Protecting Assets from Nursing Home Costs
Trusts have been touted as the ideal solution for Montana residents who wish to protect assets from the costs of long term care. Promoters have descended upon the state using the door-to-door approach to sell trusts, claiming that if individuals transfer property to a trust, their assets are totally protected from nursing home costs. This claim is not true. Since the revocable living trust can be changed at any time by the person who formed it, the income and assets in the trust are considered available to cover nursing home costs under current Medicaid rules (see Medicaid and Long Term Care Costs, MT199511HR). Those concerned about nursing home costs may wish to investigate whether a long term care insurance policy would meet their financial planning goals (see Long-Term Care Partnership Insurance in Montana, MT201202HR).
Montana’s Self Sufficiency Trust (MSST)
A unique way for a family to provide supplemental services for a disabled individual without jeopardizing his or her government benefits is Montana’s Self Sufficiency Trust. The MSST allows families to set aside funds for a disabled member without fear of rendering that individual ineligible for government benefits that provide long term support. Donors to MSST set up individual trust accounts that are pooled for investment purposes. The trust income can then be used either to expand services or to supplement existing services for family members who need lifelong care.
Placing funds in MSST requires that families develop a Lifecare Plan for the beneficiary of their individual trust account. The Lifecare Plan describes the types of supplemental services that the trust income will buy. Lifecare Planning Counselors can help families write plans that appropriately meet the beneficiaries’ individual needs.

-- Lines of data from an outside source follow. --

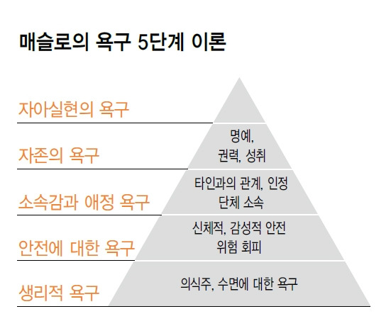 인간의 욕구는 크게 5가지로 나뉘는데, 대표적으로 영국의 심리학자 아이브러헴 매슬로우의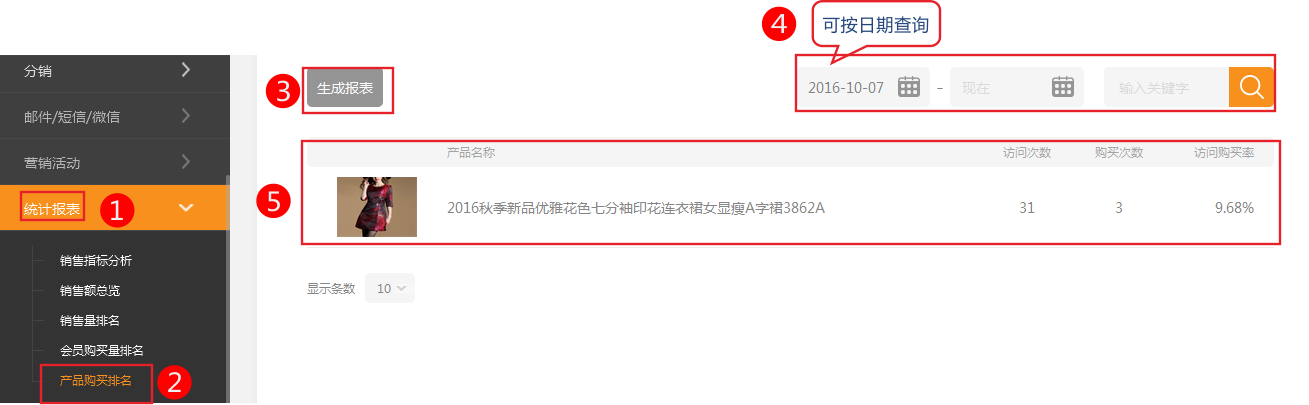 產(chǎn)品購買排名產(chǎn)品購買排名主要查詢網(wǎng)店的銷售指標,其中包括產(chǎn)品用戶訪問次數(shù),購買次數(shù),訪問購買率。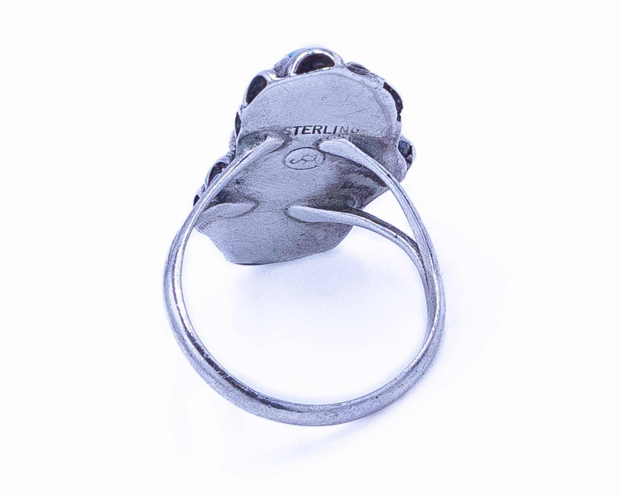 Signed SC Navajo Turquoise Sterling Blossom Ring Sz 5.5, 3g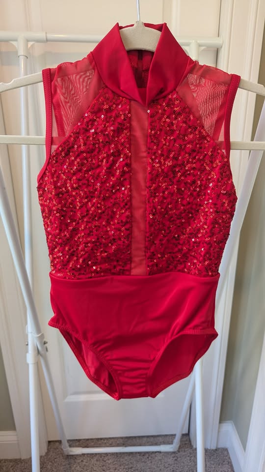 SA Preloved Solo Red Sequin Cut Out Leotard Zip Up Back Size SA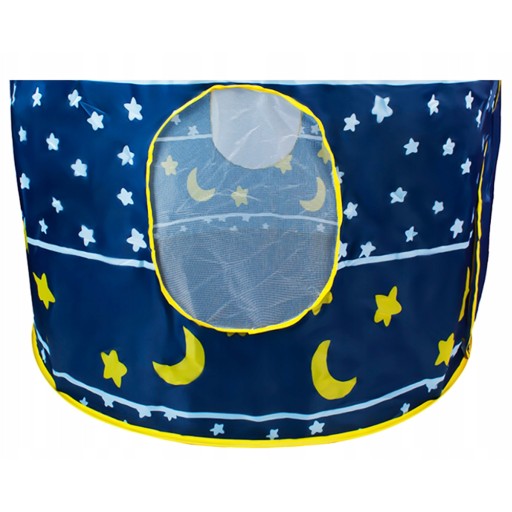 Namiot wyposażony jest w wejście i dwie boczne siateczki dla lepszej wentylacji powietrza oraz możliwości obserwowania swojej pociechy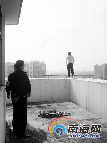 15日下午2點多鐘,16歲女孩阿春(化名)來到海口龍昆南路“麗波皇宮”所在酒店的樓頂要跳樓自殺,海口民警、消防人員及120急救醫生緊急趕往現場救援。一個多小時后,消防人員和民警才把阿春從樓頂邊緣救下來。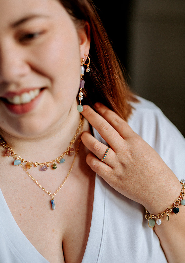 Attention, les bijoux sont fabriqués avec des pierres semi-précieuses dont la couleur et la taille peuvent varier d’un bijou à l’autre,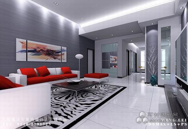 风格要明确 客厅是家庭住宅的核心区域,现代住宅中,和听的面积最大,空间也是开放性的,地位也最高.作为现代风格的客厅 ,它的气氛应该是和谐的,它的基调往往是家居格调的主脉,把握着整个居室的风格.因此,风格的统一和明确十分重要.客厅的风格可以通过多种方法来表现,其中吊顶及灯光、色彩的不同运用更能表现客厅的现代风格。

The MSST was created by state statute and operates as a nonprofit corporation with a volunteer board of directors. The process for creating an individual trust account in MSST is relatively simple, but families do need legal assistance in executing a Transfer Document that names the trust beneficiary and transfers funds or assets into MSST. For additional information, contact:
Proceed with Caution
Individuals who choose to utilize living trusts through kits purchased from the Web, bookstores, mail promoters or door-to-door salespersons should exercise a high level of caution about the legal arrangements they establish. Estate planning is a highly individualized and legally complicated procedure, and it is unlikely that a package or kit (often completed after a single interview with a sales representative) or a standard computer-generated trust program can provide appropriate documents for unique family situations. In fact, revocable living trust documents sold by a company based out of state may not satisfy Montana’s legal requirements. Setting up an appropriate trust requires careful drafting, planning and execution by legal counsel.
Before establishing a living trust, make a list of your financial planning objectives. Then discuss your needs with professionals such as an attorney, a trust officer, a certified public accountant and/or a certified financial planner. They may suggest an array of financial planning tools that could help achieve your goals.
This publication is not intended to be a substitute for legal advice on revocable living trusts. Rather it is designed to help families become better acquainted with a revocable living trust and its role in estate planning. Future changes in trust laws cannot be predicted and statements in this MontGuide are based solely on laws in force on the date of publication.
The Business, Estates, Trusts, Tax, and Real Property Section, State Bar of Montana as well as trust officers from several Montana corporate trust entities have approved this MontGuide, and recommend its reading by all Montanans.